Stake.us and the Legal Cloud Over the Industry
The pressure is not just legislative. Stake.us, the sweepstakes arm of the largest crypto casino in the world, is facing a federal class action in Ohio and enforcement attention in California. It is already blocked in more than a dozen states. When the biggest name in the space is fighting in court, every smaller operator has to weigh whether a borderline state is worth the exposure. That calculation is why exits like Indiana and Maine happen quickly once a law passes.
What This Means for Players
If you live in a state that has banned sweepstakes casinos, your account will be closed and your access cut off. The single most important move is to redeem any Sweeps Coins for prizes before the cutoff date, because balances can be frozen once a state is blocked. If you live anywhere else, nothing changes today, but the direction is clear.
- Check your state’s current status before you deposit or redeem
- Redeem Sweeps Coins early if a ban is pending where you live
- Keep records of purchases and redemptions in case an account closes
- Watch for repeat bills in states where a ban failed this year
For a fuller picture of where the model still works, see our guide to the best sweepstakes casinos and our breakdown of which states allow Chumba Casino.
The Bottom Line
Sweepstakes casinos are walking into the same regulatory squeeze that has hit every gray-market gambling model before them. Six states in five months is not a blip, it is a trend with momentum, and Louisiana’s anti-racketeering angle gives other states a tougher tool to copy. Expect more bans through the rest of 2026 and into 2027. The operators that survive will be the ones that pick their states carefully and treat compliance as the product, not an afterthought. For players, the rule is simple: know your state, and do not leave a balance sitting where a ban could lock it.
Frequently Asked Questions
Which states have banned sweepstakes casinos in 2026?
Indiana, Maine, Oklahoma, Louisiana, and Tennessee are among six states that passed sweepstakes-banning measures in 2026. Indiana and Maine are already enforcing their bans, and operators exited both on June 2.
Can I still play sweepstakes casinos in 2026?
Yes, in most states. The 2026 bans cover a handful of states, and sweepstakes casinos remain legal in the majority. Always check your state’s current status before playing.

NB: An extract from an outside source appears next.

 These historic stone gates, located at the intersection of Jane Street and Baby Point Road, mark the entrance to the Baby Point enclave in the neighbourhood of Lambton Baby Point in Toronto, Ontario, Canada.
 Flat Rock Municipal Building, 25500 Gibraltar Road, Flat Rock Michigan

What happens to my account if my state bans sweepstakes casinos?
Operators block access and close accounts in banned states, sometimes immediately. Redeem any Sweeps Coins for prizes before the cutoff date, since balances can be frozen once a state is blocked.
Why are states banning sweepstakes casinos?

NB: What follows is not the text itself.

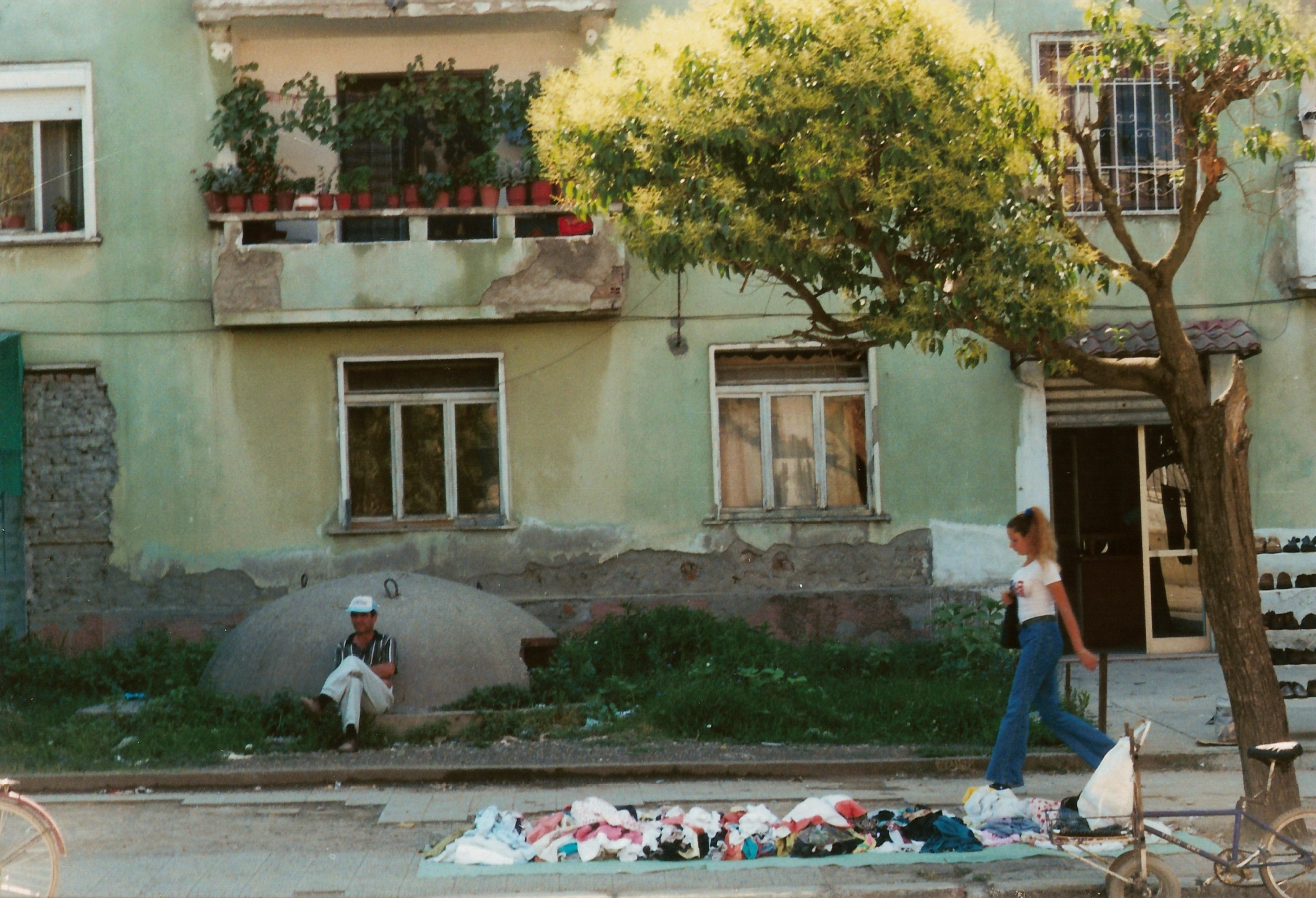 Apartment with bunker in Shkodër (Albania). The man is sitting before a typical Albanian bunker. Scan from a conventional photo. Slightly enhanced with The Gimp.

Lawmakers argue the Gold Coin and Sweeps Coin model is unlicensed online casino gambling that avoids gaming tax. Louisiana went further, folding sweepstakes gaming into its anti-racketeering law so prosecutors can pursue operators, processors, and affiliates.
Is Stake.us still legal?
Stake.us still operates in many states under the sweepstakes model, but it faces a federal class action in Ohio and enforcement pressure in California, and it is already blocked in more than a dozen states.
Did any sweepstakes bans fail in 2026?
Yes. Bills targeting sweepstakes casinos failed in Virginia, Florida, and Massachusetts after their legislative sessions expired without a vote.